Show that $\bigcap_{n\in\mathbb{N}}=(0,1) $ if {$ {A_n}$}$_{n\in\mathbb{N}} =$ {$A_n$:$ A_n=(0, n^k); n,k \in\mathbb{N}$} [closed]

I'm using the property of $A=X\cap Y$ for n sets i.e.

$A=\bigcap_{ n\in\mathbb{N}}A_n \iff$(($\forall n\in\mathbb{N}, A\subseteq A_n$) and ($B \subseteq A_n ,\forall n \in \mathbb{N} \implies B \subseteq A$))
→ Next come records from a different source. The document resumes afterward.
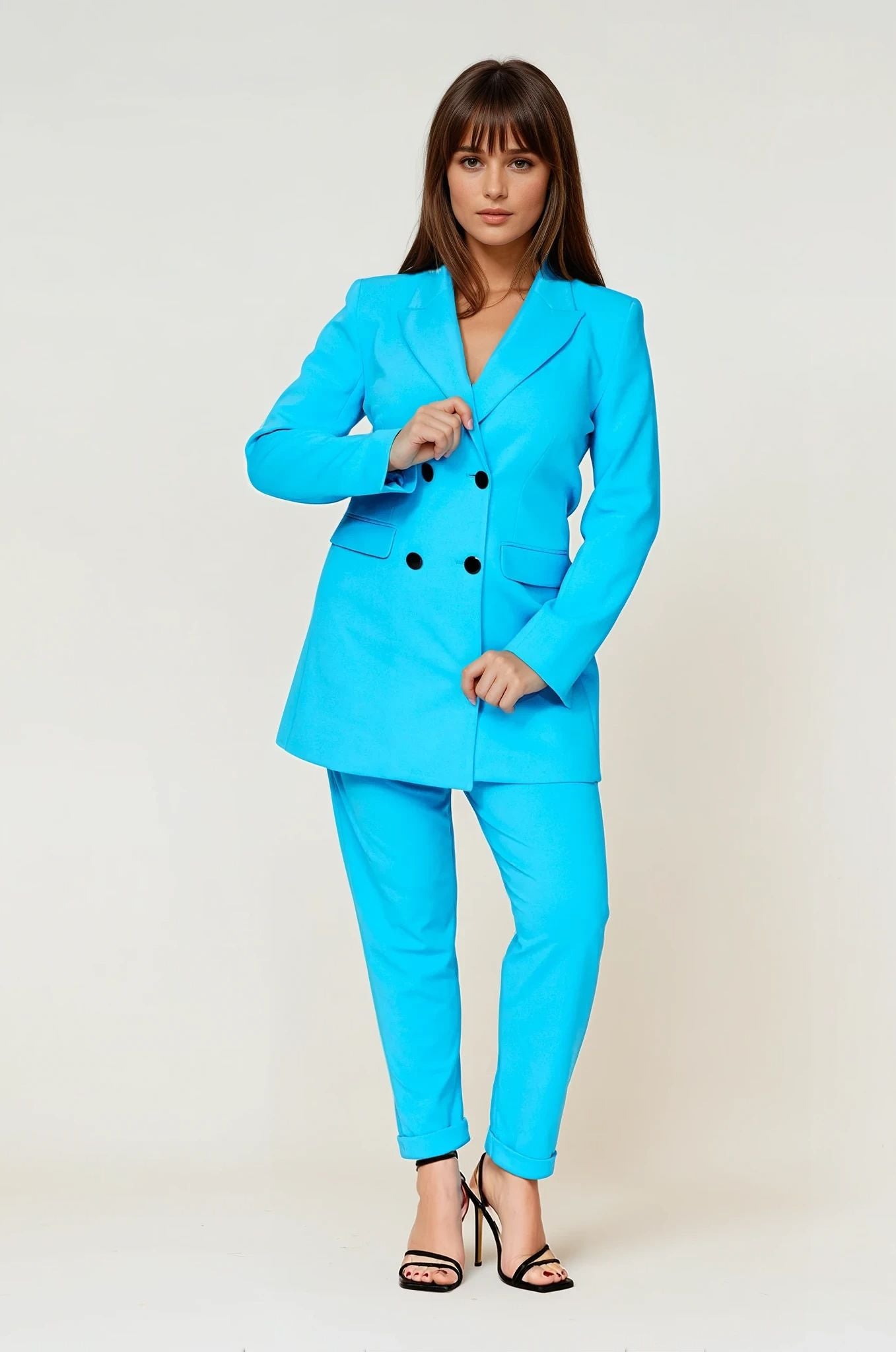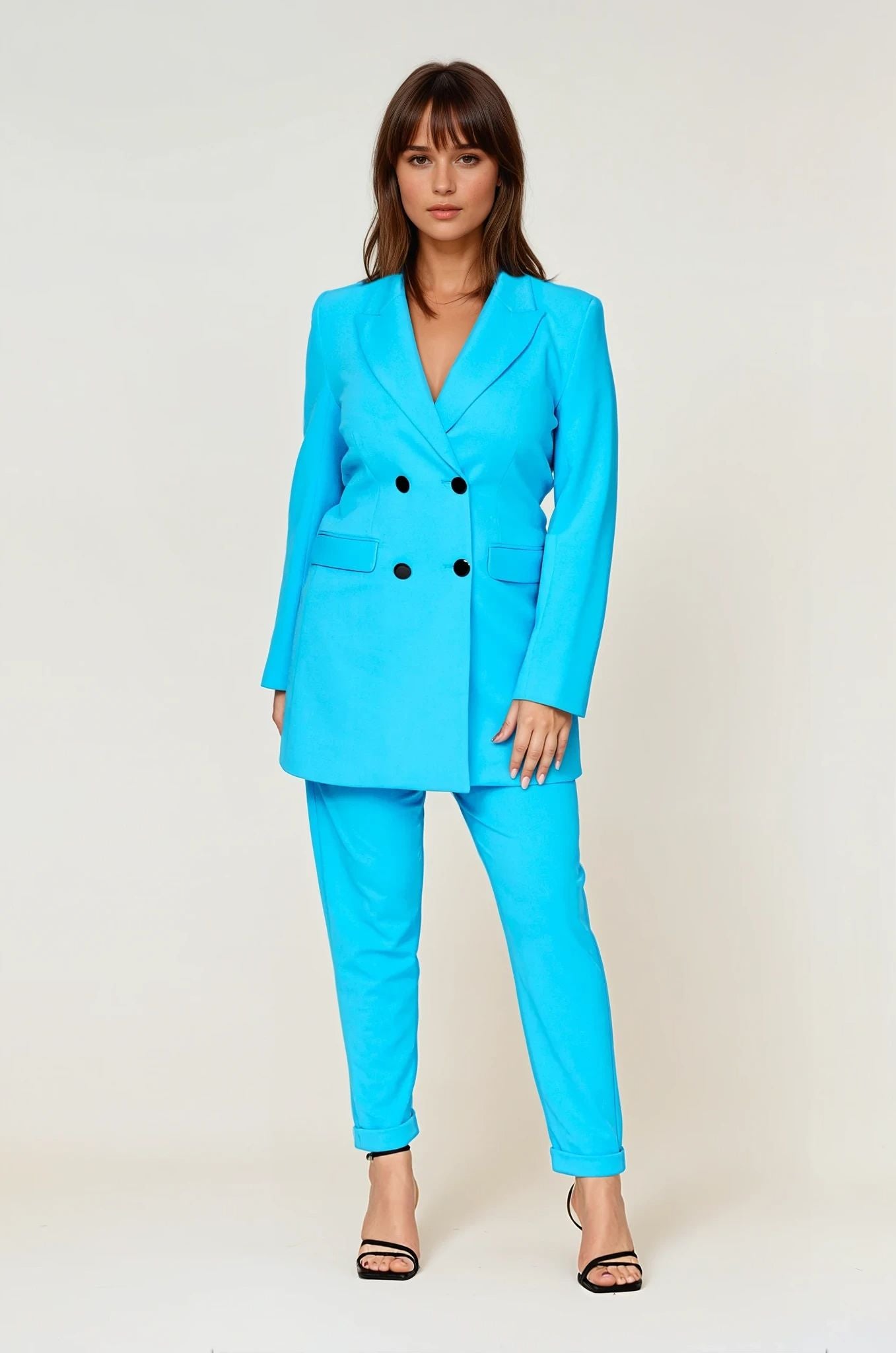 Introducing the Sarah Blazer Scuba Blue from Embody Women. This stylish blazer is perfect for any occasion. Crafted from a lightweight scuba fabric, it features a classic lapel collar and two front pockets. The tailored fit and single-button closure create a flattering silhouette that will make you look and feel your best.
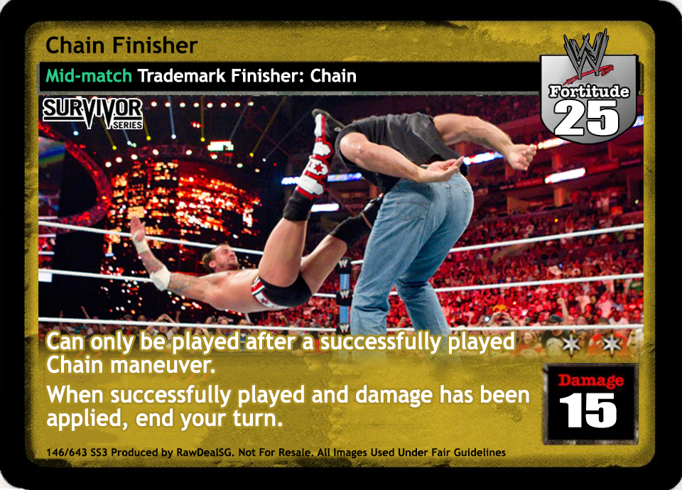 Can only be played after a successfully played Chain maneuver. When successfully played and damage has been applied, end your turn.
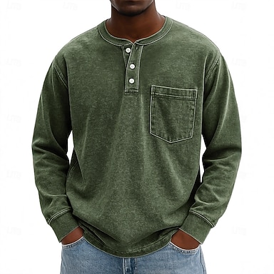 Hombre camisa de la vendimia Henley Shirt camiseta Manga Larga Cosecha Un Color Retro Antiguo Casual Estilo retro Desteñido Lavado Henley Casual Primavera Otoño Todas las Temporadas Negro Rosa Gris
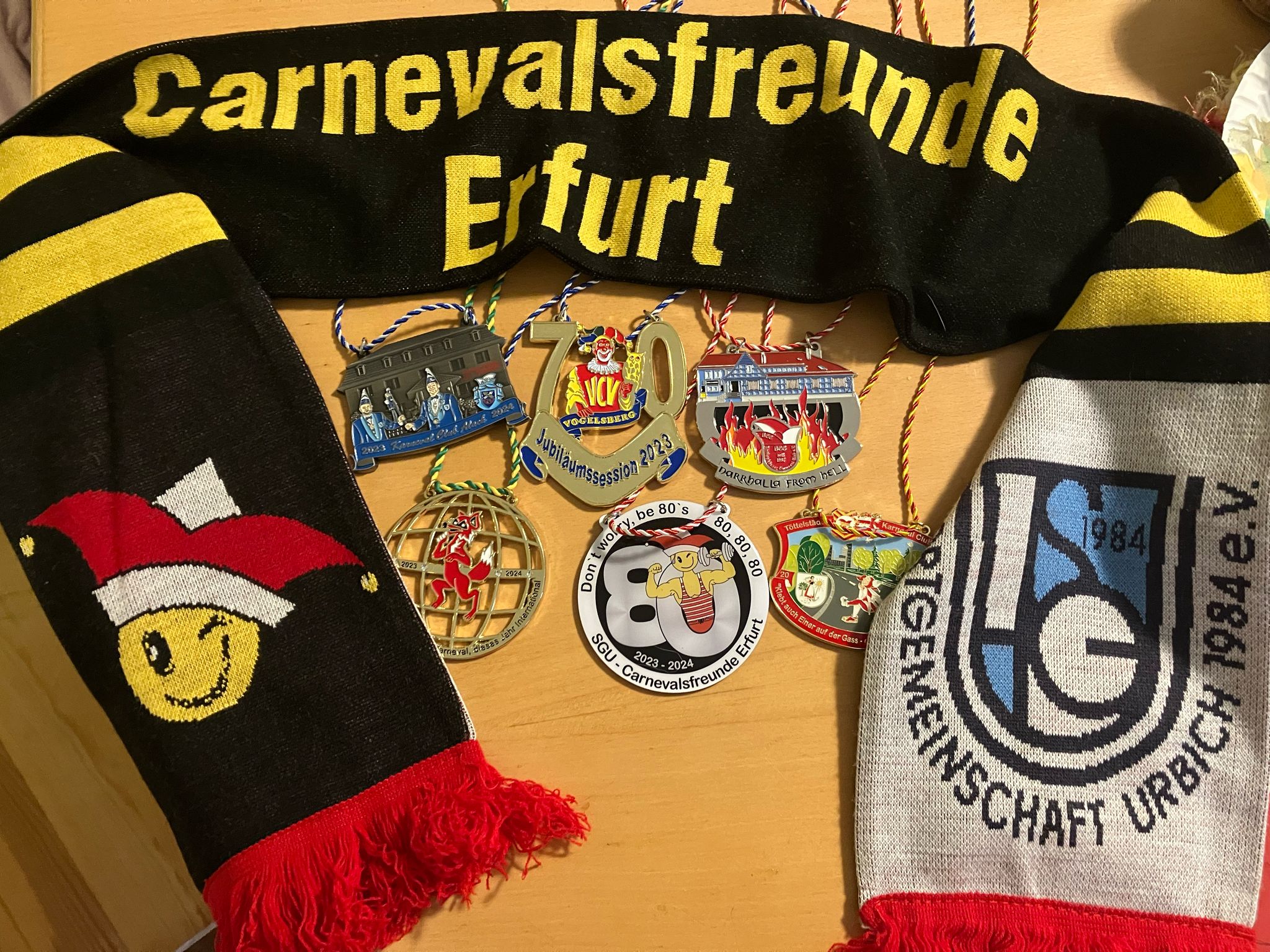 Die Carnevalsfreunde Erfurt (CFE) wurden 2009 gegründet und setzten sich ursprünglich hauptsächlich aus Mitgliedern der Erfordia Carneval Vereinigung e.V. (ECV) zusammen. In dieser Zeit wurde ein beeindruckendes Showballett ins Leben gerufen, das liebevoll „Isa’s Pflegefälle“ genannt wurde. Im Jahr 2020 beschlossen die Gründungsmitglieder, sich aus der aktiven Arbeit zurückzuziehen und suchten nach einer neuen Leitung. Glücklicherweise erklärte sich Sven Eckhardt bereit, die Rolle des Vorsitzenden zu übernehmen. Zu diesem Zeitpunkt zählte der Verein nur noch acht aktive Mitglieder, die sich auf Empfehlung von Susanne Wenzel dem SG Urbich 1984 anschlossen. So entstand die Sektion der Carnevalsfreunde innerhalb des SG Urbich.
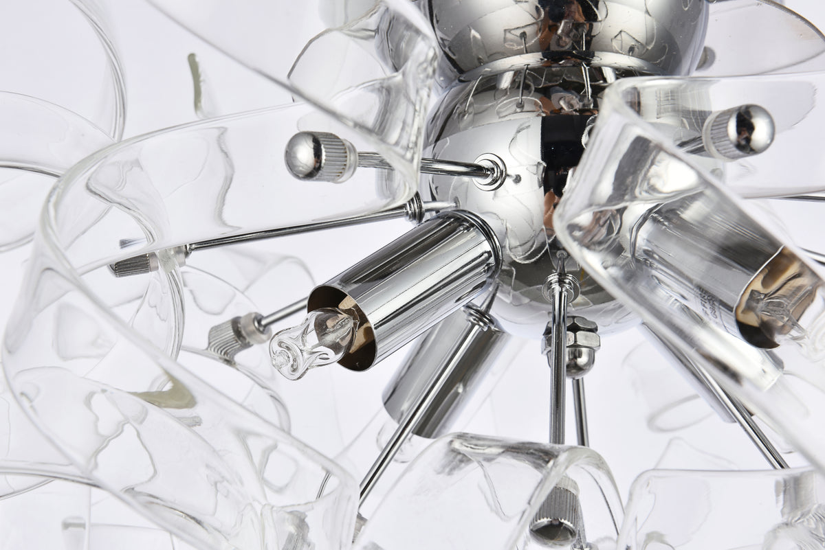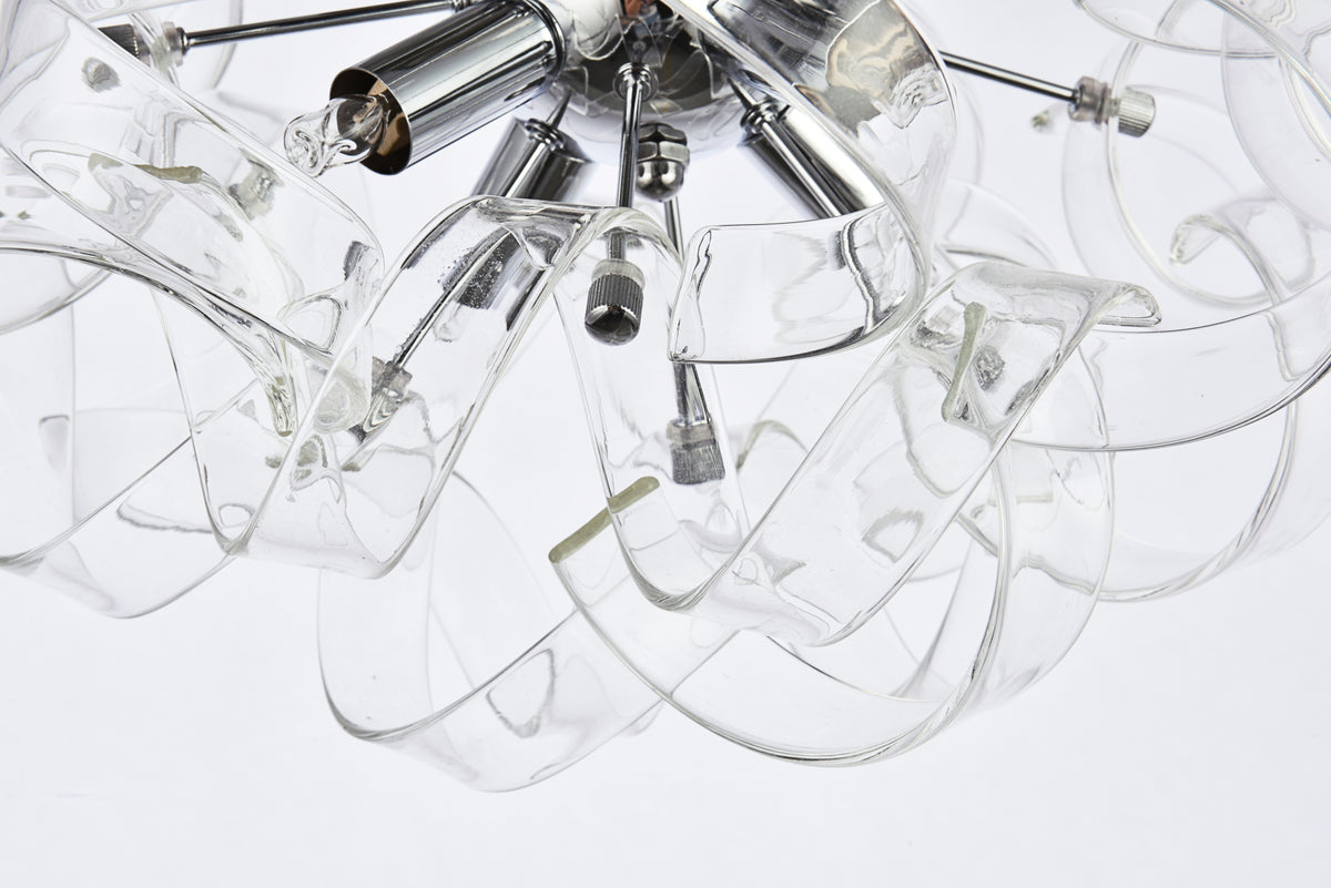 Intriguing Ritz flush-mount fixtures turn any space into a celebration. Like a decoration for a special present, the captivating hemisphere of delicate, curled ribbons of glass will create a relaxing ambience in any room. Four bright lights shine through this contemporary chrome-finished design. The Ritz collection is sure to delight in your dining room, living room, bedroom, bathroom, and entryway.
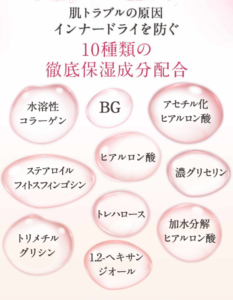 トラブルとなる乾燥を豊富な保湿効果で守り、トラブルができにくい肌を作ります。

Now comes the solution part.

$ \forall n \in \mathbb{N}, n \geq 1\implies n^k \geq n \geq1$ as ($k \in \mathbb{N} \implies k \geq 1$)

$\therefore 0 \leq 1 \leq n^k$ i.e. $1$ is an interior point of each such interval except $(0,1)$

Hence using the corollaries of definition of intervals, we can conclude that $\forall n\in\mathbb{N}, A\subseteq A_n$

I'm a bit confused about the next step. Can anyone help me figure it out or suggest me a better approach to the question? Am I missing something while figuring out the solution?